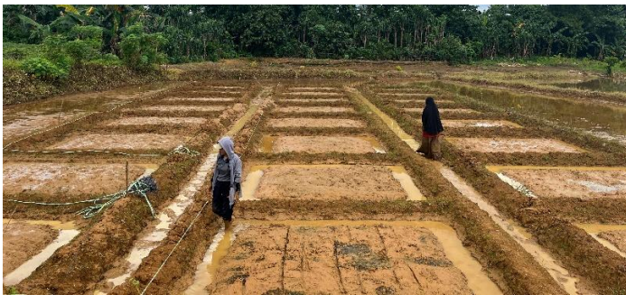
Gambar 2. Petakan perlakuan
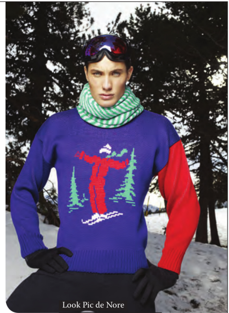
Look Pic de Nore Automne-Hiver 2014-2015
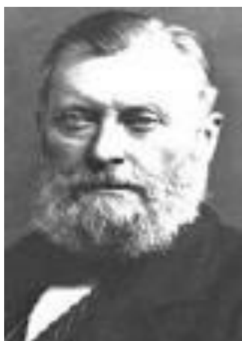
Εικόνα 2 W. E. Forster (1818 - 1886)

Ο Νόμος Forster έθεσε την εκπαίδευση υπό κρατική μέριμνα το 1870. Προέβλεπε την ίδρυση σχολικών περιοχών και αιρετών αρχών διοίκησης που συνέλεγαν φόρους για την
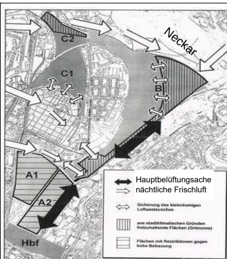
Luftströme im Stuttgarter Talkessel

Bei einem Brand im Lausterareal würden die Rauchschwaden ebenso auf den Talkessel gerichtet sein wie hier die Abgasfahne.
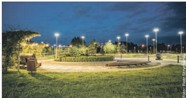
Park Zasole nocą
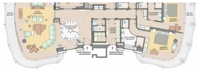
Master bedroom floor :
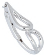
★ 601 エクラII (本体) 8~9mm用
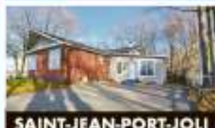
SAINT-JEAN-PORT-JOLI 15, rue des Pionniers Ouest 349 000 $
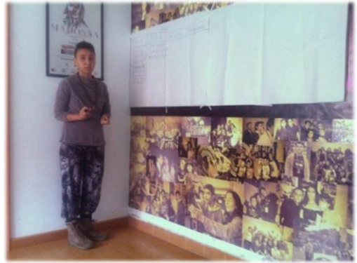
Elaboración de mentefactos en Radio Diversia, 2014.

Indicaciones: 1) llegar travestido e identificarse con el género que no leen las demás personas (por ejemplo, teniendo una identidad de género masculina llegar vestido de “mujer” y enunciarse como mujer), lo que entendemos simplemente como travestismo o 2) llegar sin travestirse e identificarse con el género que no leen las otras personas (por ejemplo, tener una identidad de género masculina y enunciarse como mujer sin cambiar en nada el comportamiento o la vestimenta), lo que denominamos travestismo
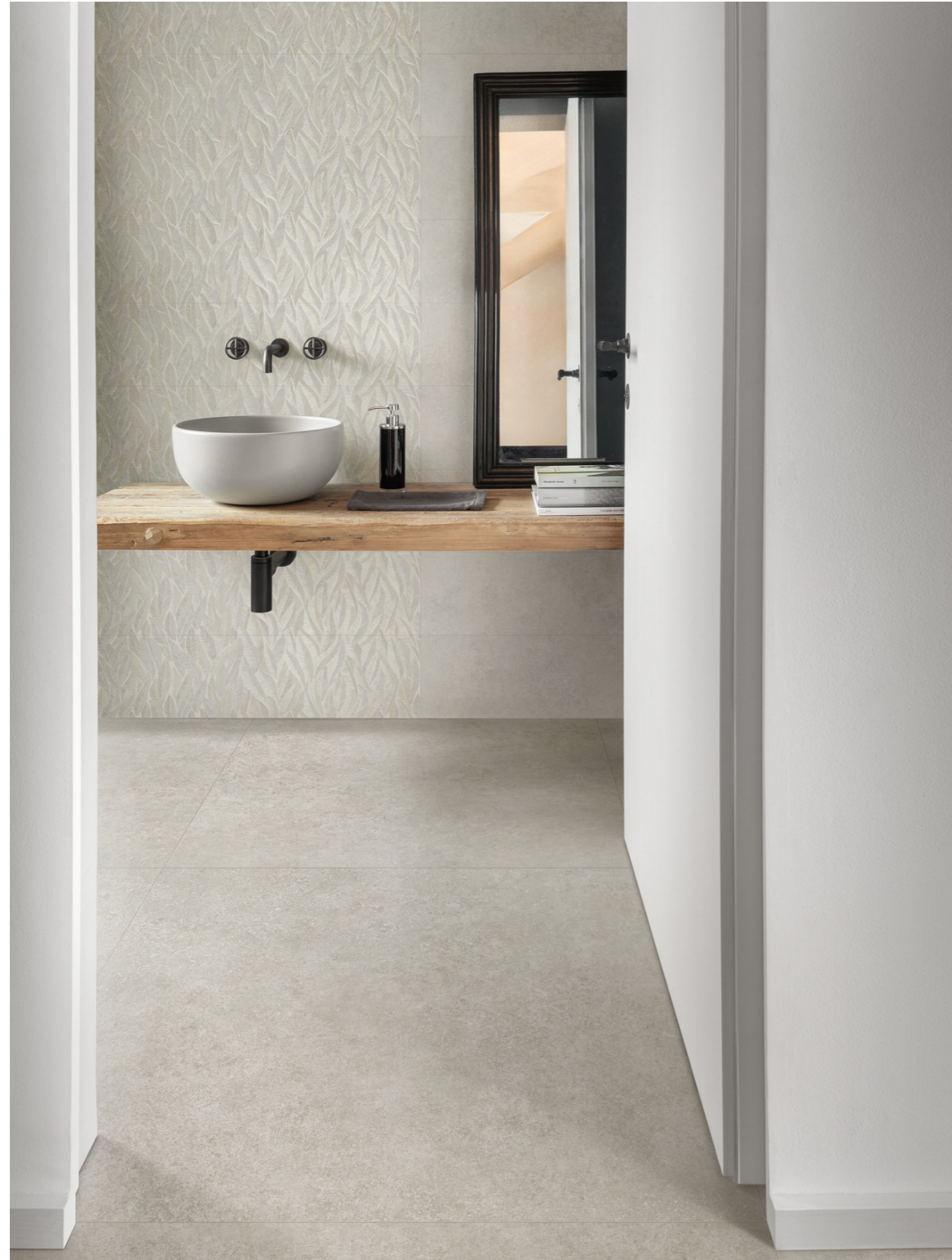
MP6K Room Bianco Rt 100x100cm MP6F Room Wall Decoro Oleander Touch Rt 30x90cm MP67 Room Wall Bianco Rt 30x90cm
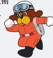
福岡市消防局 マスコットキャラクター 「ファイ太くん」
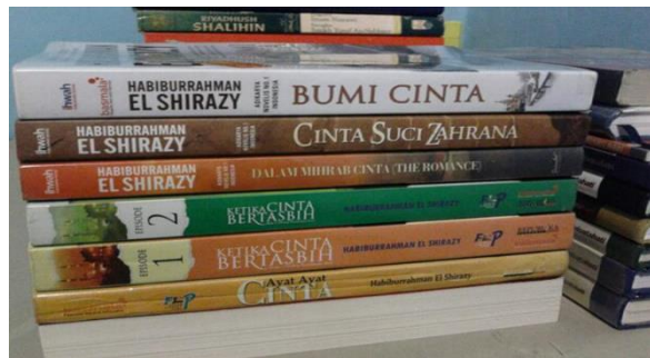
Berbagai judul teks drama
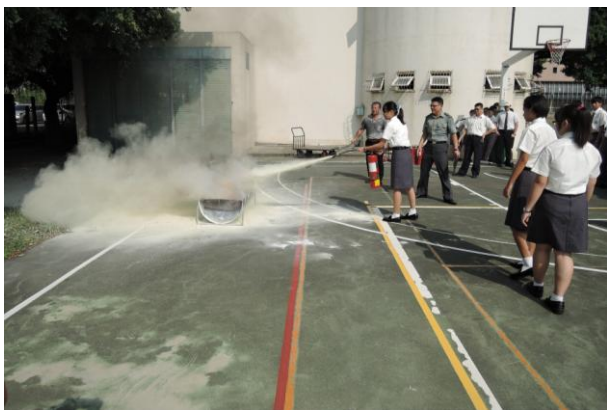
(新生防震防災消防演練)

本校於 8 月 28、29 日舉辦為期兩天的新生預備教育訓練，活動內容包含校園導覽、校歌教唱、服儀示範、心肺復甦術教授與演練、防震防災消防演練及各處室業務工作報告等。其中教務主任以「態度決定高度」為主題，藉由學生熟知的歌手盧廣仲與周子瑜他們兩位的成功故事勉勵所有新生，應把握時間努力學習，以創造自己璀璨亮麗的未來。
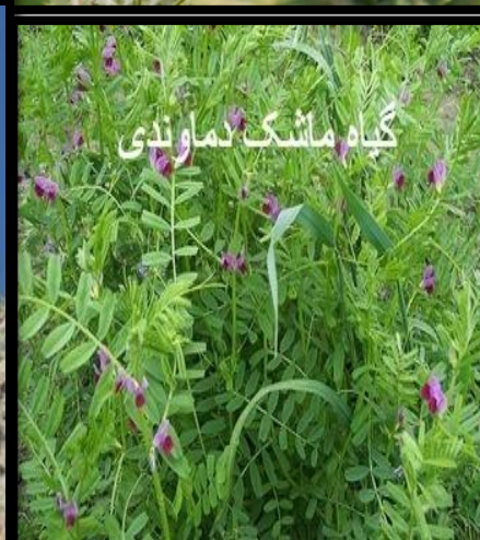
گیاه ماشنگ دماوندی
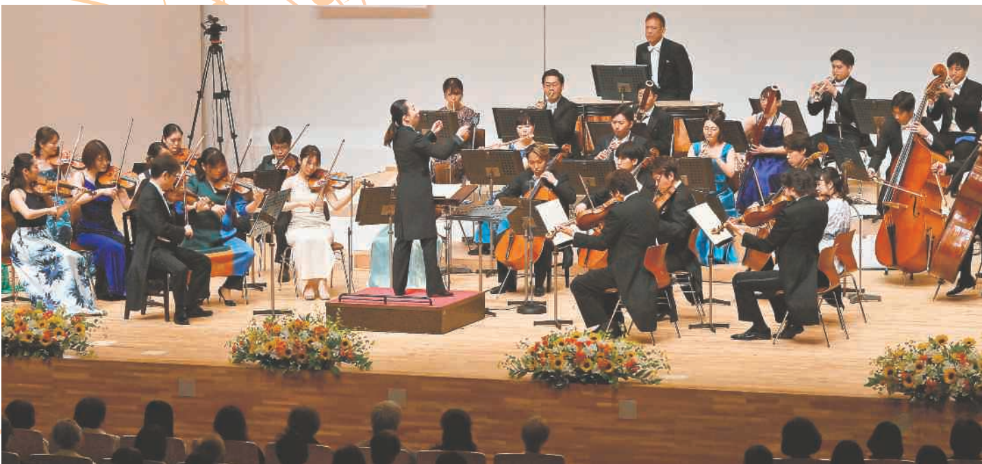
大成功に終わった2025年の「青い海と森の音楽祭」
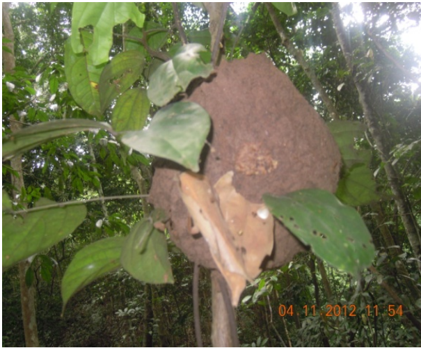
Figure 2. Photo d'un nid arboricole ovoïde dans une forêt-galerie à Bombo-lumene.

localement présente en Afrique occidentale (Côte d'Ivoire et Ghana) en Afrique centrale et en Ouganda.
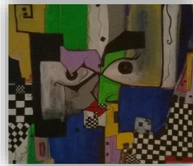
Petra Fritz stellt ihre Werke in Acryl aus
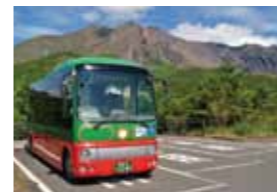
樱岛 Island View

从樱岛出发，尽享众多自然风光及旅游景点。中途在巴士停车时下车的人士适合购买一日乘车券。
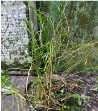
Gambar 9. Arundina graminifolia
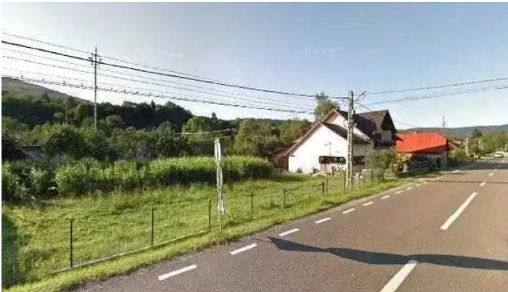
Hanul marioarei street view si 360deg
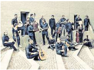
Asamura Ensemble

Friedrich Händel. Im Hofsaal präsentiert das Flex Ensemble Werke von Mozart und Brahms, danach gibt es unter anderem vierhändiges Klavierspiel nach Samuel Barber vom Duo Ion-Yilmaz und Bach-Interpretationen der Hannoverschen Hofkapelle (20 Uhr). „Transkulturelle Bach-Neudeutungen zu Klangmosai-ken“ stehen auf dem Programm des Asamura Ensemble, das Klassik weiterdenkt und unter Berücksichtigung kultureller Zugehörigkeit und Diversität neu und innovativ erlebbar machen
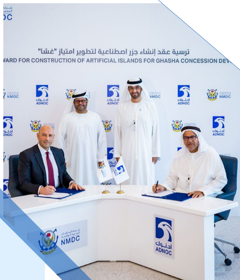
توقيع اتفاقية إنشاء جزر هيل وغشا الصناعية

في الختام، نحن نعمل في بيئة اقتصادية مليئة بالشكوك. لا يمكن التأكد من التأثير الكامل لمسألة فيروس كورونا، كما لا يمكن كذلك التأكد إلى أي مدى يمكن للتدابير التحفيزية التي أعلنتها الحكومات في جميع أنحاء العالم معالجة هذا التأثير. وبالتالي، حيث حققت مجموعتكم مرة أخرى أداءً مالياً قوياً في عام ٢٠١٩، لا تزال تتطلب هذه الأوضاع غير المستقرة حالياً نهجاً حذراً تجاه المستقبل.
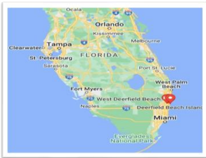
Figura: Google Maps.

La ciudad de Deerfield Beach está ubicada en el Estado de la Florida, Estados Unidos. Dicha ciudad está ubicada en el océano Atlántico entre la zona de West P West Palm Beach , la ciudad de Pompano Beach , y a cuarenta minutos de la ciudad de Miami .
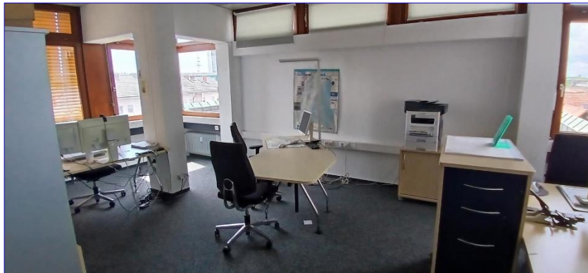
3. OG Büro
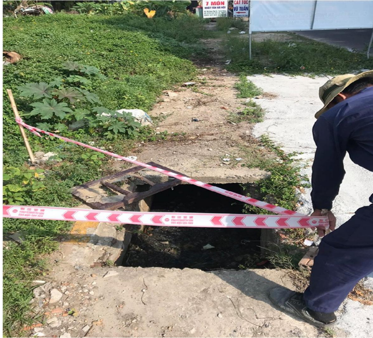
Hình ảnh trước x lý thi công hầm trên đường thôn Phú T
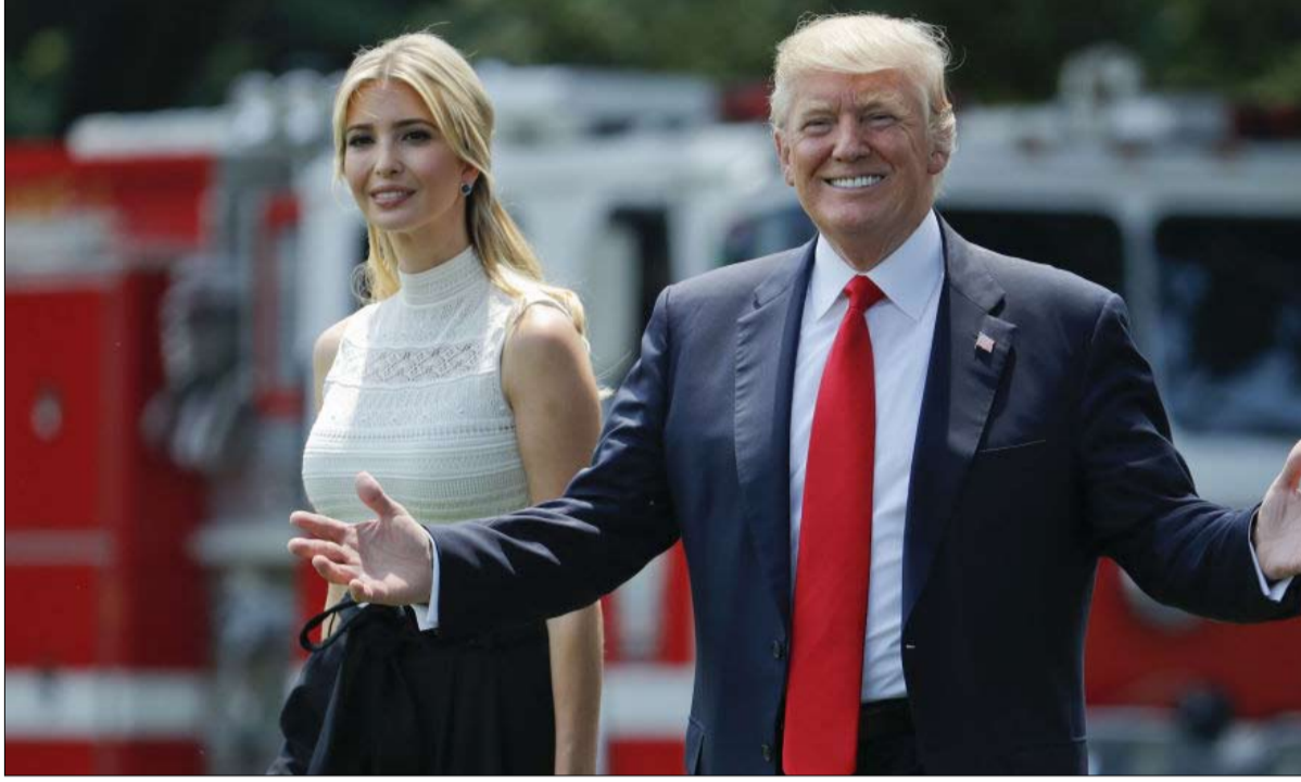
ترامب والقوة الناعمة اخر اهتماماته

· · · ·

**EXERCISE AIM**
How many lines in the records hold the string "Asamura"? Answer with only that number.

**RESPONSE TO THE TASK**
2